Users access internet via Cloud SWG using IPSEC access method.
IPSEC tunnels exist from Palo Alto Firewalls to locations across all GEOs globally with primary / secondary tunnels for redundancy purposes (all traffic goes to primary unless primary fails).
At one specific location, users were impacted (after hours) during a maintenance activity - a maintenance alert was published, but there were no documented actions to be taken as part of this alert.
Users were unable to access the internet for about 30 minutes before it recovered.
Maintenance activity was done pod per pod (no data center outage) and hence no action was required from IPSEC firewall side.
Palo Alto Firewall.
IPSEC IKEv1 access method into Cloud SWG.
Tunnel Monitor profile existed, but not attached to impacted firewall at problem location.

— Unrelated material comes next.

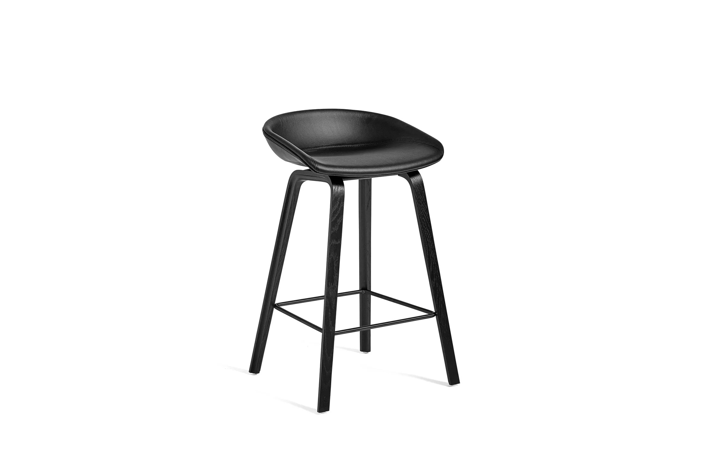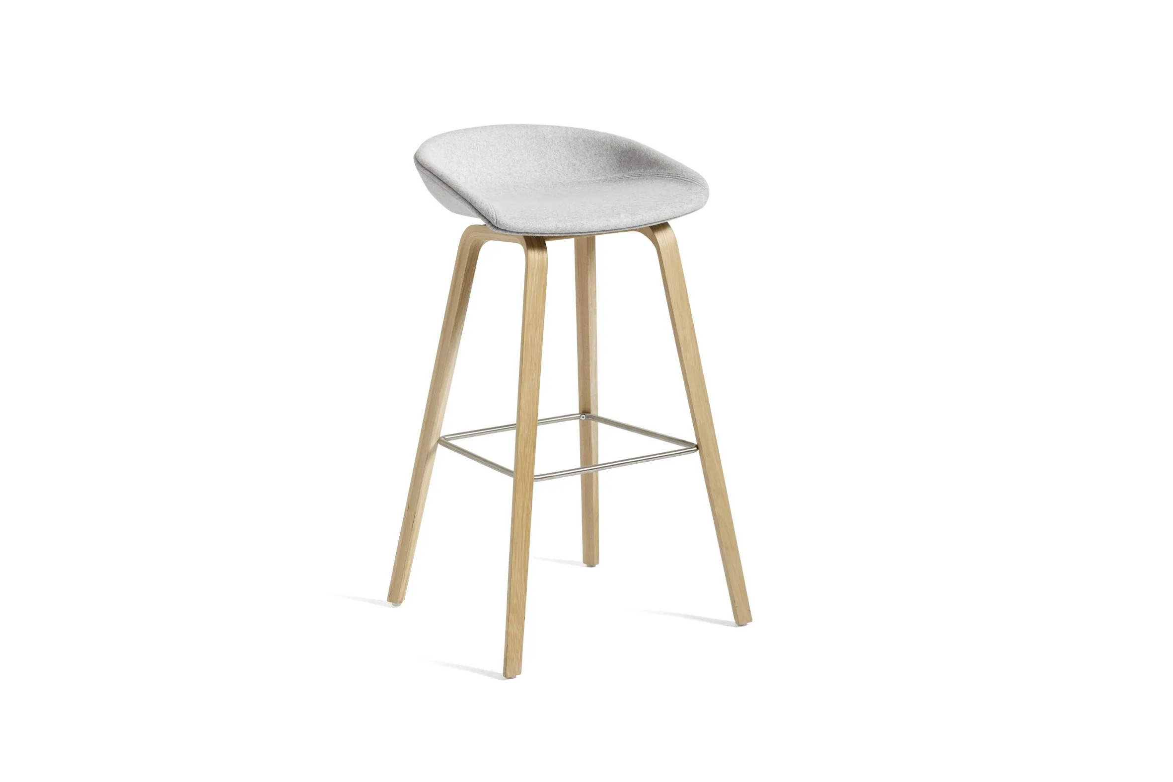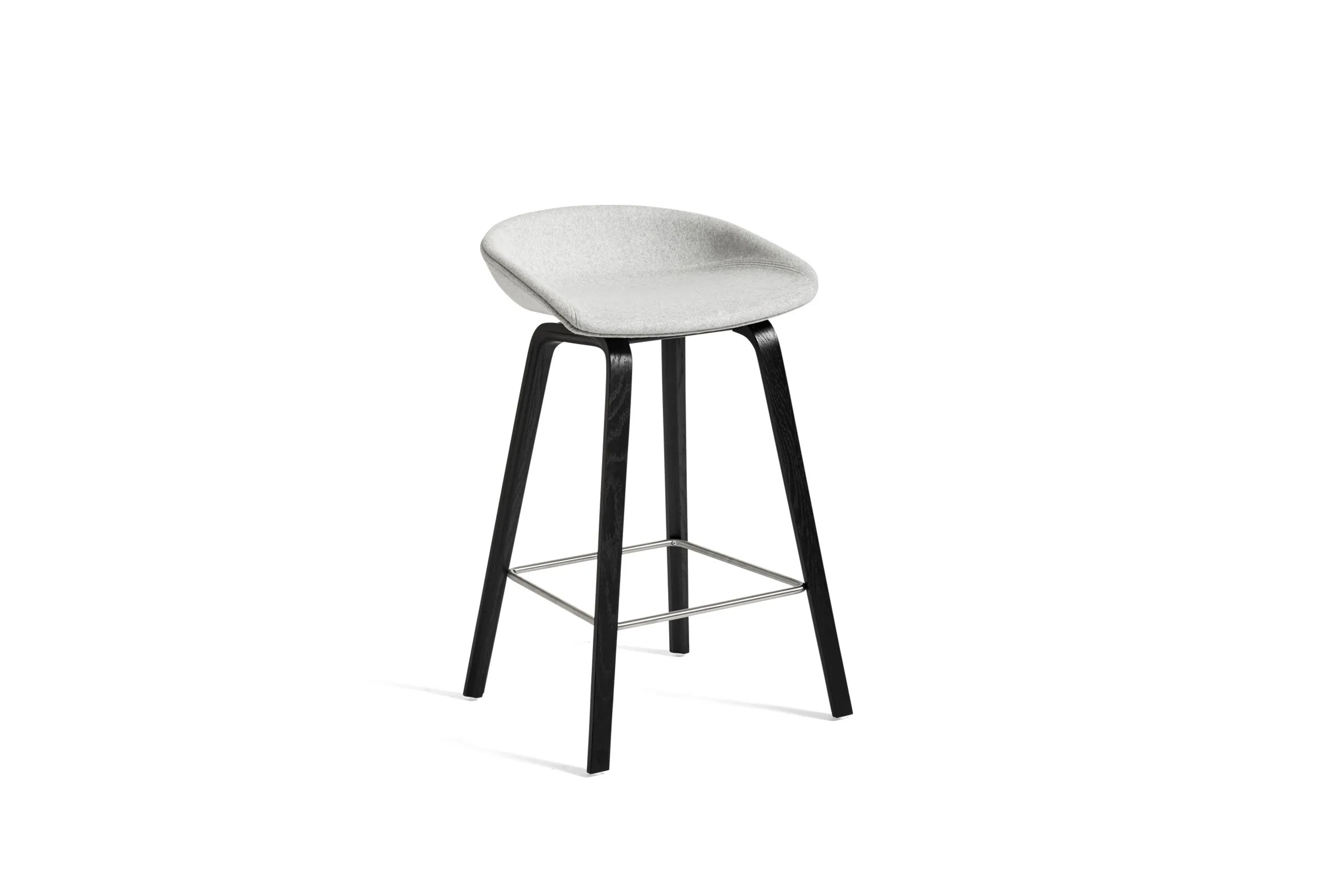 Az About A Stool AAS33 bárszék a sorozat többi darabjához hasonlóan sokoldalúan alakítható, a minimalista műanyag széktől a teljesen kárpitozott változatig. Ívelt háttámlája és hosszú, elegáns fa lábai egyszerű, mégis erőteljes vizuális megjelenést biztosítanak, ami ideálissá teszi étkezőasztalokhoz, irodai asztalokhoz vagy kávézó székeként. Kétféle magasságban, különböző fa felületekkel, színekkel és kárpitozási lehetőségekkel kapható. Az ülés injekciós öntéssel készült polipropilénből, teljes kárpitozással és 10 mm-es habszivaccsal. Az alap formázott rétegelt lemezből készült, belső rétegelt lemez bükkből, felső furnér tölgy vagy dió. A lábtartó fekete porszórt acél vagy rozsdamentes acél, a csúszótalp műanyag, minden változaton alapfelszereltség, és alkalmas a legtöbb padlóburkolathoz.

Make sure that both liveness checks and tunnel monitoring profile exists and are attached to the IPSEC tunnel configuration into Cloud SWG, so that connectivity and IKE protocol events are detected transparently.
A liveness check enabled Dead Peer Detection (DPD) refers to functionality documented in RFC 3706, which is a method of detecting dead Internet Key Exchange (IKE/Phase1) peers.
A tunnel monitoring profile allows you to verify connectivity between the VPN peers; you can configure the tunnel interface to ping a destination IP address at a specified interval and specify the action if the communication across the tunnel is broken.
When a POD or POP goes down for any reason, it is imperative that the IPSEC firewall is setup to detect this condition.
During the Cloud SWG maintenance activity, PODs were temporarily taken out of rotation and any active connections to the disconnected POD should have been detected on the Palo IPSEC firewall.
Typically, during maintenance activities where no action is required for IPSEC, one pod (e.g. DP1) is taken out of load balancer rotation, necessary updates are performed to the pod, and when completed it is added back into rotation before moving on to do the same with the next pod (e.g DP2). When DP1 is out of rotation, the tunnel should have switched to DP2 automatically and your may noticed a small impact (may need to refresh browser for example, or reconnect if using Teams calls as this is badly impacted by change of egress IP address).
Liveness checks, performed at the DPD layer, should have detected the change and negotiated a new session into Cloud SWG. However, the Palo logs indicate that this did not happen until about 45 minutes (16:57) after the POD went down (16:11 UTC) as shown below:
Since the liveness checks and tunnel monitoring profile are responsible for detecting such events, we focussed out attention there before realising that the tunnel monitoring profile was not applied correctly.